Date: 7 November
Time: 17.00-18.30
Venue: Grove Auditorium, Magdalen College, Oxford
Few scholars have so far studied the intersection of Enlightenment debates over suicide, on the one hand, and the transatlantic slave trade and colonial slavery, on the other, despite the importance of slave suicides during the Middle Passage or on American plantations. Recent studies have shown that British abolitionists made slave suicides one of their major arguments for prohibiting the “infamous commerce,” but without making the connection with more general discussions of suicide. Moreover, we do not know what happened on the French side. This lecture will analyse the relationship between suicide and slavery in Enlightenment thought, particularly in France and Britain. It will address the sources on slave suicides available to Enlightenment writers and the place given to Africa and African slavery in universal histories of suicide; the way in which the themes of suicide and slavery intersected in the literary works of major Enlightenment authors, from Montesquieu to Bernardin de Saint-Pierre, and the role played by voluntary death in the construction of the figure of the black hero; and, finally, the importance of slave suicides in both the Encyclopédie and the Histoire des deux Indes, as well as in the writings of British and French abolitionists.

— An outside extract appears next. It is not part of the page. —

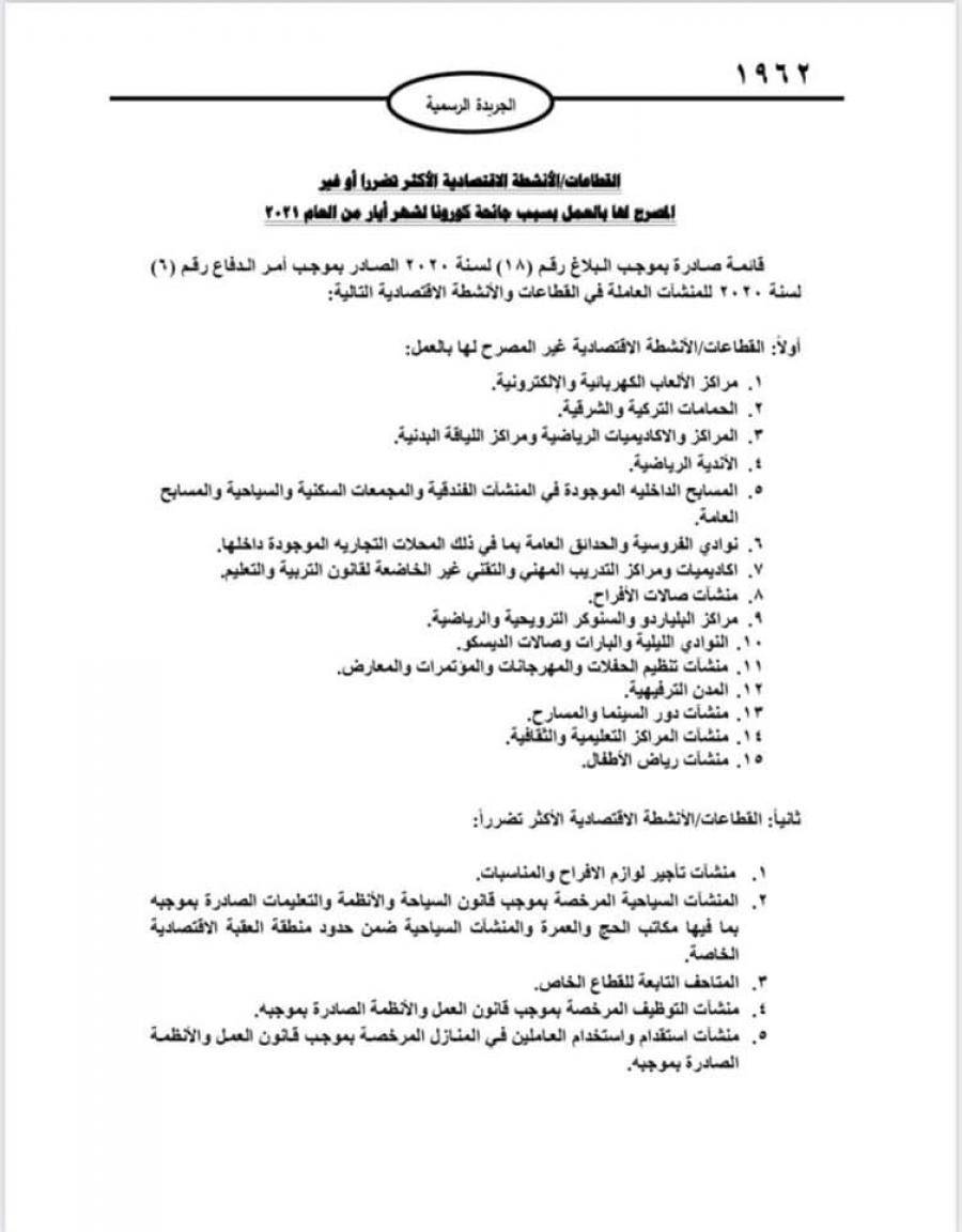 أصدرت رئاسة الوزراء قائمة القطاعات والأنشطة الاقتصاديّة الأكثر تضرّراً أو غير المصرّح لها بالعمل بسبب جائحة كورونا لشهر أيّار ٢٠٢١م.

Cécile Vidal is a social historian of colonial empires, the slave trade, and slavery in the 17th-to the 19th-century Atlantic world. She is the author of the prize-winning Caribbean New Orleans: Empire, Race, and the Making of a Slave Society (2019), and the editor or co-editor of a dozen of edited volumes, including, with Paulin Ismard and Benedetta Rossi, Les mondes de l’esclavage. Une histoire comparée (The Worlds of Slavery: A Comparative History, 2021).